━━━ Data section ━━━

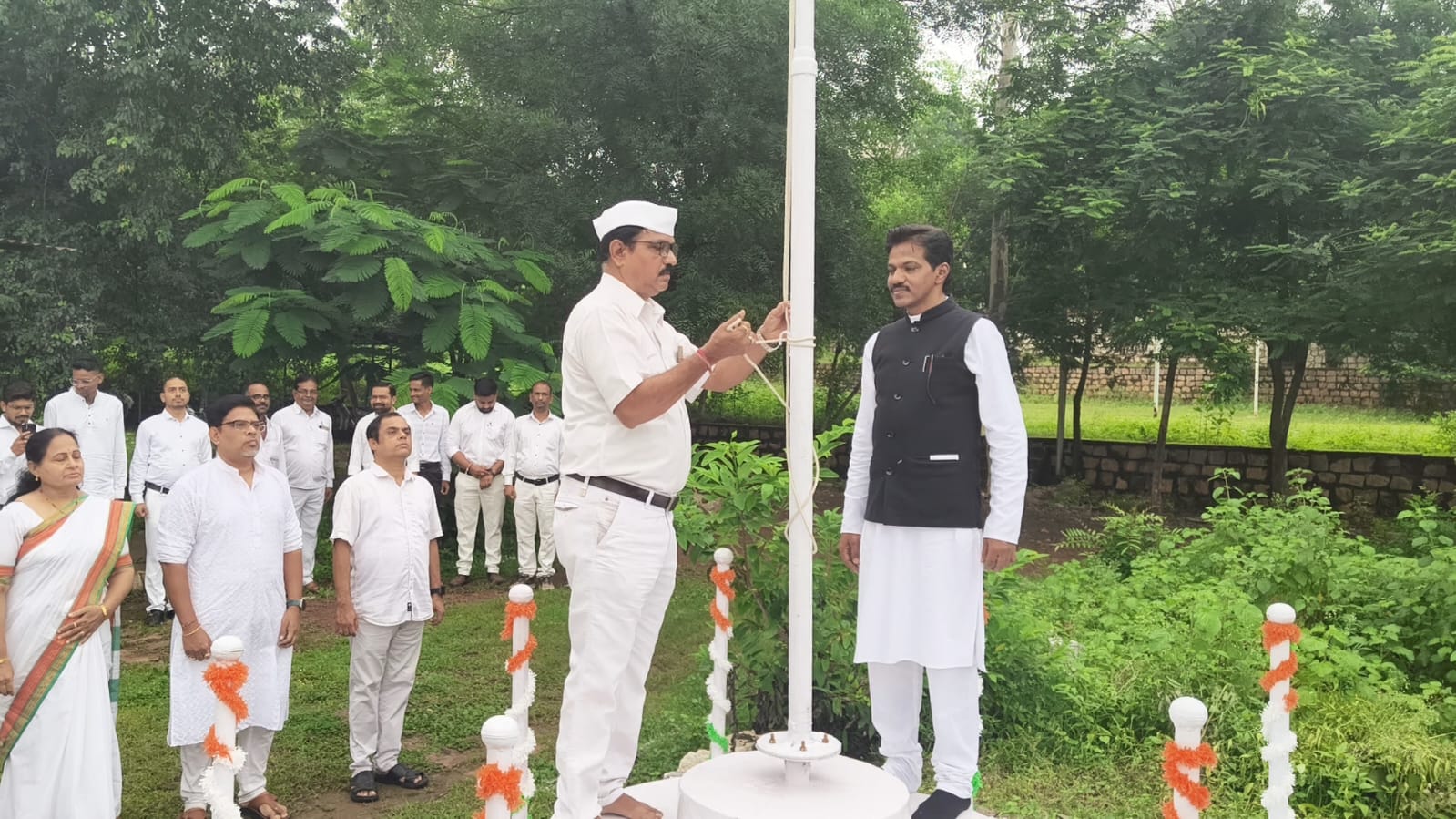 चंद्रपुर:स्थानिक शांताराम पोटदुखे विधी महाविद्यालय येथे १५ ऑगस्ट 2025 रोजी, स्वातंत्र्याची 78 वर्षे पूर्ण झाल्या च्या निमित्ताने अमृत महोत्सव आनंदाने साजरा करण्यात आला. विधी महाविद्यालयाचे प्राचार्य डॉ. ऐजाज शेख यांच्या शुभहस्ते ध्वजारोहण महाविद्यलयात करण्यात आले.या प्रसंगी एल एल बी तिनं वर्षीय अभ्यासक्रमाचे विभाग प्रमुख प्रा. डॉ. अभय बुटले, बी ए एल एल बी अभ्यासक्रमाचे विभाग प्रमुख प्रा. डॉ. मनीषा आवळे, पदवीतर विभाग प्रमुख प्रा. डॉ. पंकज काकडे, सर्व प्राध्यापक वृंद शिक्षकेतर कर्मचारी तसेच विद्यार्थी यांची प्रामुख्याने उपस्थिती होती. महाविद्यालया चे शारीरिक शिक्षण विभाग प्रमुख डॉ. सरोज कुमार दत्ता यांनी कार्यक्रमा च्या आयोजना साठी अथक परिश्रम घेतले.या प्रसंगी विधी महाविद्यालयात ध्वजारोहण आणि ध्वज वंदन करण्यात आले. महाविद्यालया चे प्राचार्य डॉ. ऐजाज शेख यांनी सर्वाना 79 व्या स्वातंत्र्य दिनाच्या हार्दिक शुभेच्छा प्रदान केल्या आणि आज च्या तरुण पिढी ने भारताच्या स्वातंत्र्य सेनानी यांच्या बलिदाना ची जाण ठेवण्याचे आवाहन केले.आज या आधुनिक युगात कायद्याचे ज्ञान घेणाऱ्या विध्यार्थ्यानी संविधानिक अधिकार या विषयी जागरूकता निर्माण करावी असे प्राचार्य डॉ. ऐजाज शेख यांनी आव्हान केले.या प्रसंगी शारीरिक शिक्षण विभाग प्रमुख डॉ. सरोज कुमार दत्ता यांनी विध्यार्थ्यांना मार्गदर्शन करतांना तरुणांनी 2047 च्या विकसित भारत या संकल्पने चा पुरस्कार करावा असे आवाहन केले. विधी महाविद्यालयात मेरी माटी मेरा देश तसेच हर घर तिरंगा या कार्यक्रमा च्या आयोजना सोबतच तिन दिवासीय ध्वजारोहण देखील करण्यात आले.कार्यक्रमाला विद्यार्थी मोठया संख्येने उपस्थित होते.
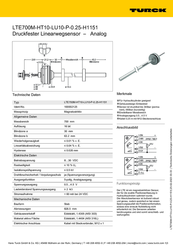 Turck Czujnik położenia liniowego LTE700M-HT10-LU10-P-0.25-H1151
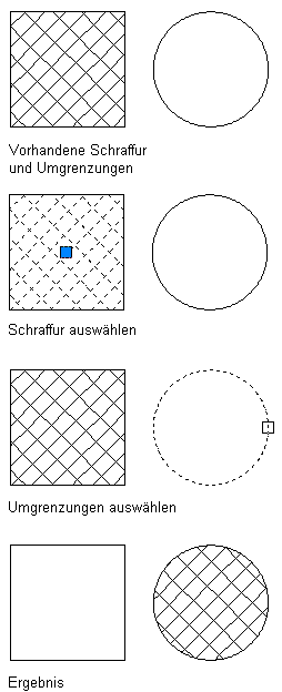 Verwenden Sie diese Vorgehensweise, um die Umgrenzungen von assoziativen oder nicht-assoziativen Schraffuren basierend auf einer beliebig gewählten geschlossenen Liniengrafik neu zu definieren. In Fällen, in denen eine nicht-assoziative Schraffur ursprünglich eine geschlossene Liniengrafik ausfüllte, aber diese Liniengrafik im Nachhinein gestreckt oder verschoben wurde, können Sie mit dieser Vorgehensweise die Schraffur erweitern oder neu positionieren, um die neue Umgrenzung auszufüllen.
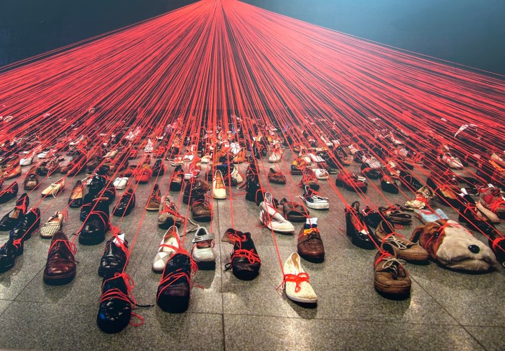 Featured image (top) Over the Continents: Chiharu Shiota a monumental installation using almost 4 miles of red yarn to tie the shoes together and connect them all at a single point. The notes invite visitors “to consider the life of an object” and “the fundamental ties that connect humans to one another.”
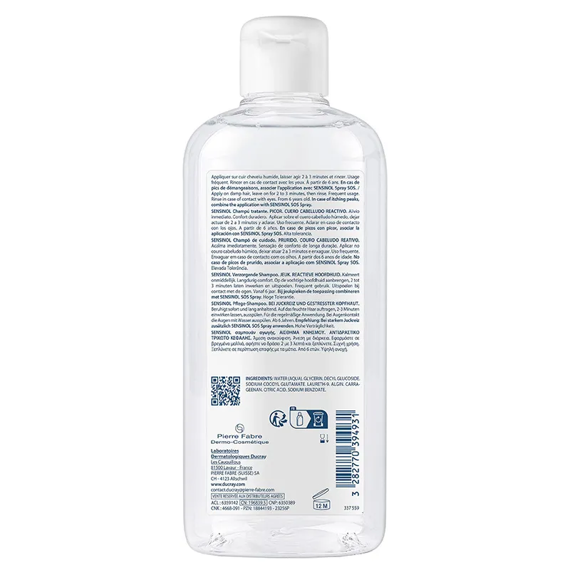 Ducray Sensinol Treatment Shampoo - gydomasis šampūnas, skirtas jautriai, sudirgusiai ir niežtinčiai galvos odai, 400 ml
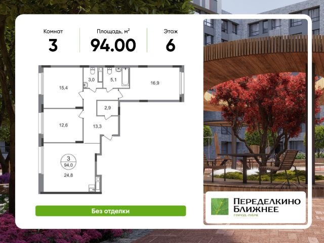 Продается трехкомнатная квартира в городе-парке "Переделкино Ближнее". Общая площадь квартиры - 64,8 кв. м, этаж 6 из 17. Срок сдачи - 1 квартал 2028 года. Тип дома - монолитный. Корпус расположен в новой 13 фазе строительства и состоит из 8 секций с переменной этажностью 12-17 этажей. Все секции без отделки. Около 13 фазы запланировано строительство многоуровневого паркинга на 300 м/мест. 13 фаза имеет уникальное расположение и находится непосредственно на берегу Федосьинского пруда, который является сердцем города-парка "Переделкино Ближнее". Город-парк "Переделкино Ближнее" расположен в 8 км от МКАД по Боровскому шоссе. ТРАНСПОРТНАЯ ДОСТУПНОСТЬ: - 15 минут пешком до станции МЦД-4 "Мичуринец" - 25 минут пешком до станции метро "Рассказовка" Солнцевской линии - 30 минут до центра Москвы - 2026 г. - открытие трассы Солнцево-Бутово-Варшавское шоссе РАЗВИТАЯ СОЦИАЛЬНАЯ ИНФРАСТРУКТУРА: - 7 детских садов, 3 школы - банки, продуктовые магазины, аптеки, фитнес центры, салоны красоты и пр БЛАГОУСТРОЙСТВО: - дворы без машин - игровые зоны и развивающие детские площадки - зоны для созерцательного и медитативного отдыха - зоны для занятий спортом ОСОБЕННОСТИ АРХИТЕКТУРЫ: - высокие потолки от 3,03 м - безбарьерные входные группы - колясочные в каждой входной группе - кладовые помещения расположены на -1 этаже каждой секции - в каждой секции 2 лифта: 1 пассажирский, 1 грузовой - на фасаде предусмотрены корзины для установки кондиционеров АВТОРСКИЙ ДИЗАЙН: Входные группы выполнены по авторскому дизайну, благодаря панорамному остеклению наполнены естественным светом. В каждой входной группе будет располагаться комфортабельная зона ожидания с возможностью зарядить электронные устройства, почтовые ящики, колясочная, акцентные пуфы и столик.
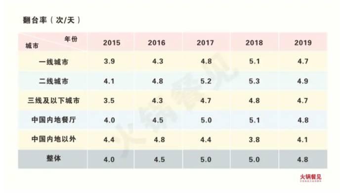 此外,海底捞作为餐饮企业还有个重要指标“翻台率”也出现下滑,而且下滑幅度不小:一级城市翻台率由2018年的5.1下降到了2019年的4.7,二级城市翻台率由2018年的5.3下降到了4.9。
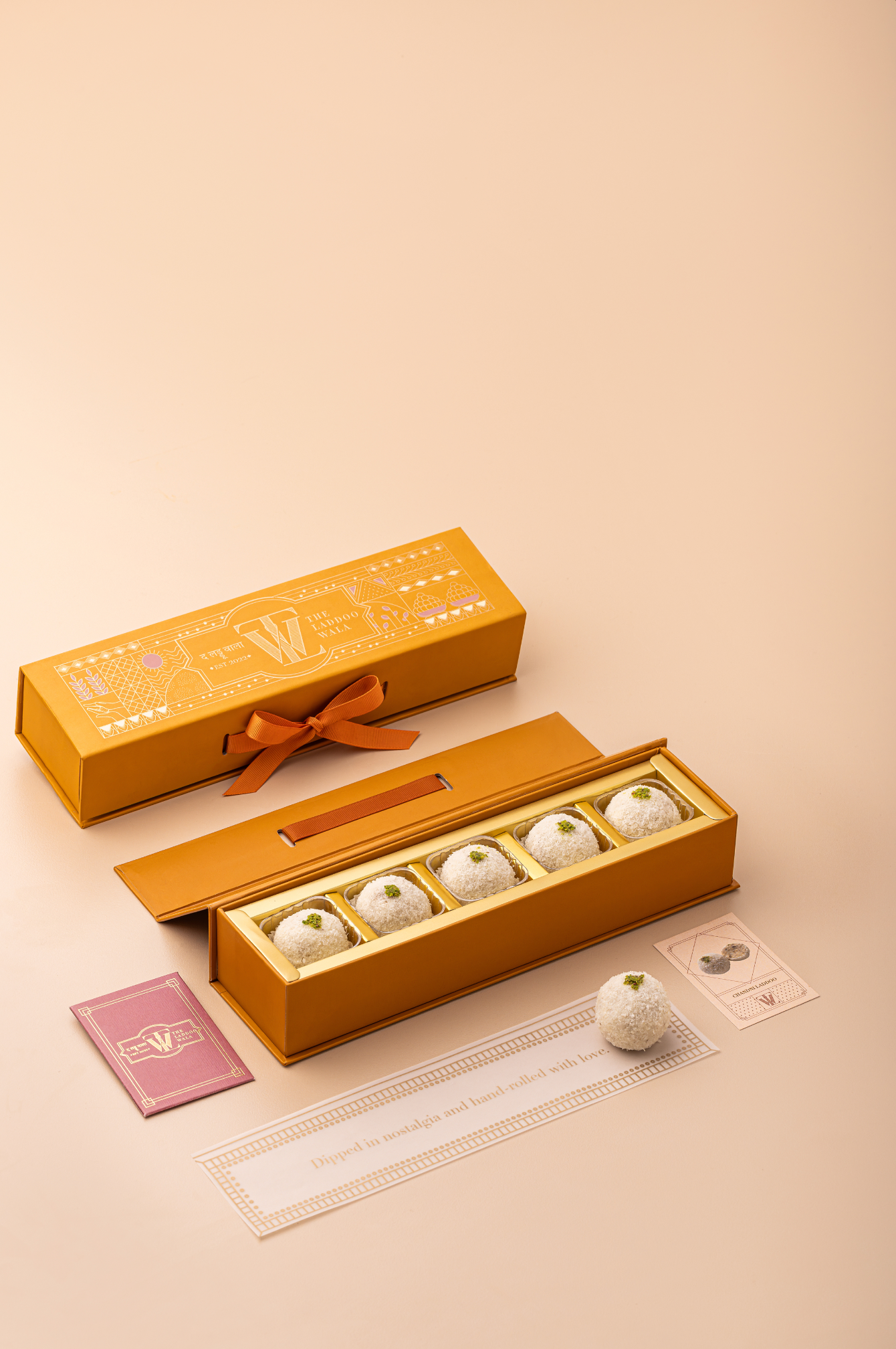 A bite of the sweets inside this box will take your taste buds on a flavourful journey with impeccable textures. Each Chitrakala box celebrates the country’s diverse culinary heritage, and this one is no different. Inspired by India’s traditional art forms, we believe that crafting a classic coconut laddoo, hand-rolled in small batches, is an art in itself.

━━━

> [Task brief] Reproduce exactly the lines above that run from the one with "Featured image (top)" to the one with "Ducray Sensinol Treatment", both included, leaving pictures out.

> [Result of the exercise]
 Featured image (top) Over the Continents: Chiharu Shiota a monumental installation using almost 4 miles of red yarn to tie the shoes together and connect them all at a single point. The notes invite visitors “to consider the life of an object” and “the fundamental ties that connect humans to one another.”
 Ducray Sensinol Treatment Shampoo - gydomasis šampūnas, skirtas jautriai, sudirgusiai ir niežtinčiai galvos odai, 400 ml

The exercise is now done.